Apart from being the principal mechanism for regulating arterial pressure in the short term, the sympathetic nervous system also controls the distribution of cardiac output to different vascular beds. The distribution pattern also varies according to the external stimuli or stresses imposed upon an animal. For example, hypoxia (signalled by peripheral chemoreceptors) elicits a pattern of changes in the activity of sympathetic nerves innervating various vascular beds which is different to that evoked by hypotension (signalled by arterial baroreceptors) (Jänig & McLachlan, 1992). Thus, central mechanisms can produce differentiated patterns of sympathetic activity, according to the particular stimulus.
Figure 1. Schematic diagram indicating short-term and long-term mechanisms that influence the sympathetic outflow to the heart and blood vessels.
Short-term (i.e. seconds to minutes) changes in sympathetic activity are triggered either reflexly from peripheral receptors, or as part of a centrally generated response (e.g. sympathetic changes that occur at the onset of exercise). Furthermore, long-term changes (i.e. over hours or days or even longer periods) can also be evoked by various stimuli. Long-term changes also accompany certain disease states, such as heart failure. Whatever the source of the stimulus evoking changes in sympathetic activity, the neural substrate generating these changes include nuclei in the hypothalamus and/or medulla (Fig. 1). This article will briefly consider the different types of central regulatory mechanisms that control the sympathetic outflow to the cardiovascular system in the short and long term.
Short term feedback regulation
Various external disturbances, if not compensated for, may threaten cardiovascular homeostasis. Common examples of such disturbances is a postural change which reduces venous return, or increased skeletal muscle activity, which induces vasodilation. These effects in turn result in a fall in arterial pressure, which if not compensated for may result in an inadequate perfusion pressure (and thus oxygen delivery) for vital organs such as the brain and heart which have little capacity for anaerobic metabolism. The major compensatory reflex mechanism that responds to such changes in arterial pressure is the baroreceptor reflex.
The arterial baroreceptors are located in the walls of the carotid sinus and aortic arch, and are the terminals of afferent fibres that run in the glossopharyngeal and vagal nerves. Their adequate stimulus is stretch, and they signal changes in arterial pressure over a wide range, from approximately 50-150 mmHg (Kirchheim, 1976).

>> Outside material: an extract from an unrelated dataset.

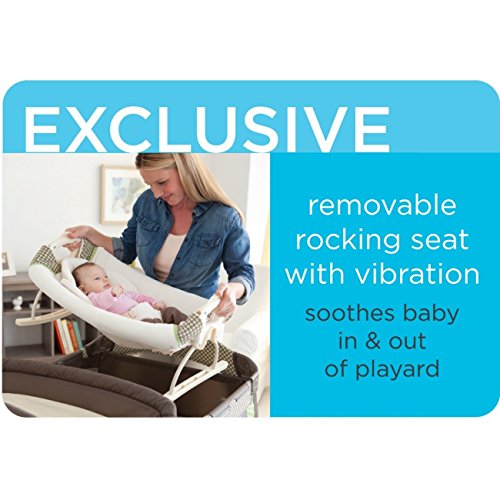・バシネット使用時 体重6.8Kgまで ・プレイヤート使用時 身長89cmまで You want to keep your newborn comfy and relaxed. Our Pack n' Play Playard with Cuddle Cove Rocking Seat features a soft, cozy little nest to help you do just that. This rocker includes fabrics that are soft on your newborn's skin, gentle vibration to calm & soothe your little one and carrying handles that allow you to move your little one from room to room. Diaper changes are easier, too, with the convenient changing table and baby basics organizer with three cubbies for all of baby's necessities.

Studies using a variety of experimental approaches have investigated the central pathways and neurotransmitters that subserve the baroreceptor reflex (for reviews see Guyenet, 1990; Dampney, 1994). These studies have included electrophysiological and pharmacological studies in anaesthetised animals, as well as studies in conscious animals using the method of immediate early gene expression in combination with neuroanatomical tracing and immunohistochemistry. Collectively, these studies have resulted in a model of the essential pathways subserving the baroreceptor reflex, as illustrated in Fig. 2. In brief, baroreceptor afferent fibres terminate within the nucleus of the tractus solitarius (NTS), and excite second-order neurons via a glutamatergic synapse. NTS neurons conveying baroreceptor signals then project to and excite (again via a glutamatergic synapse) neurons within the caudal and intermediate parts of the ventrolateral medulla (VLM). The latter neurons project to and inhibit (via a GABAergic synapse) sympathoexcitatory neurons in the rostral VLM. Blockade of this inhibitory synapse in the rostral VLM completely abolishes the baroreflex (Guyenet, 1990), demonstrating the pivotal role that this group of neurons play in the baroreceptor reflex.

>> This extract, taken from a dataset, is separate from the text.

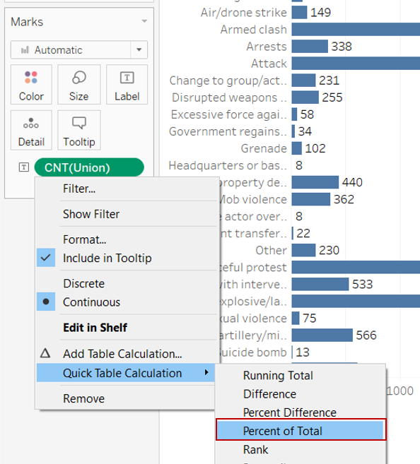 - Toggle to [CNT(Union)] under Marks cart and click on the dropdown button to the right of the pill. Select Quick Table Calculation > Percent of Total to create the percentage label

Figure 2. Pathways within the lower brain stem and spinal cord that subserve the baroreceptor and chemoreceptor reflex control of the sympathetic outflow to the heart and blood vessels. The open triangles indicate excitatory synaptic inputs and the filled triangles inhibitory synaptic inputs. CVLM, caudal ventrolateral medulla; IML intermediolateral cell column in the spinal cord; KF, Kölliker-Fuse nucleus in pons; NTS, nucleus tractus solidarus.
The pathways depicted in Fig. 2 represent the essential central circuitry for the baroreceptor reflex, but baroreceptor signals are also transmitted to supramedullary regions, including the forebrain. These ascending signals in part regulate the release of vasopressin in response to a sustained fall in arterial pressure (Blessing, 1997; Dampney 1994), and may also play a role in the long-term control of sympathetic vasomotor activity, as discussed later. It is also important to note that the NTS, as well as other key medullary nuclei subserving the baroreceptor reflex, receive inputs from higher centres of the brain, including the hypothalamus and other forebrain regions. Such descending inputs could modulate the operation of the baroreceptor reflex under particular conditions, as will also be discussed later with respect to the cardiovascular response to exercise or to alerting stimuli.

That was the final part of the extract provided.